• _PROBLEM TO SOLVE_
Copy only what lies from the line containing "Bikini rosa con" through the line containing "騰訊云代理商折扣:如何通過(guò)騰訊" in the entries below, keeping both end lines exact and dropping every picture.

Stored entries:

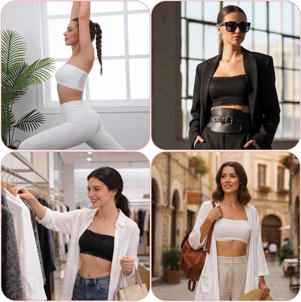 Package Includes: This set includes two lace tube top bras in classic black and versatile white. The complementary colors easily blend into any wardrobe style, making them essential layering pieces for creating casual or sophisticated looks.
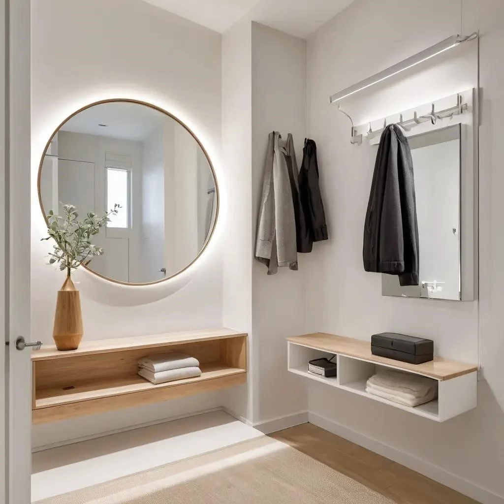 - Зеркало в прихожей: Обязательно для визуального расширения и света.
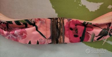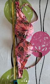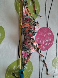 Bikini rosa con stampa a fiori: coppa con ferretto, slip normali. Reggiseno con spalline regolabili, chiusura ossidata come in ultima foto, per il resto il costume è in ottime condizioni.
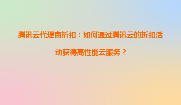 騰訊云代理商折扣:如何通過(guò)騰訊云的折扣活動(dòng)獲得高性能云服務(wù)?
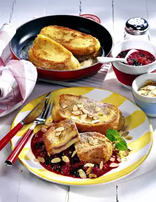 Spread 8 slices of bread with currant jelly and cover with the remaining slices of bread. Mix milk, eggs and vanilla sugar. Let the slices of bread soak for about 6 minutes. Turn the slices of bread after 3 minutes. In the meantime, roast almonds in a hot pan without fat until golden. Remove and put aside. Heat oil and fat in a large coated pan. Drain slices of bread and fry them in the pan for about 5 minutes, turning them over bit by bit. Degrease poor knights on kitchen paper, dust with icing sugar and arrange on plates with berry compote.

• _COMPLETED TASK_
 Bikini rosa con stampa a fiori: coppa con ferretto, slip normali. Reggiseno con spalline regolabili, chiusura ossidata come in ultima foto, per il resto il costume è in ottime condizioni.
 騰訊云代理商折扣:如何通過(guò)騰訊云的折扣活動(dòng)獲得高性能云服務(wù)?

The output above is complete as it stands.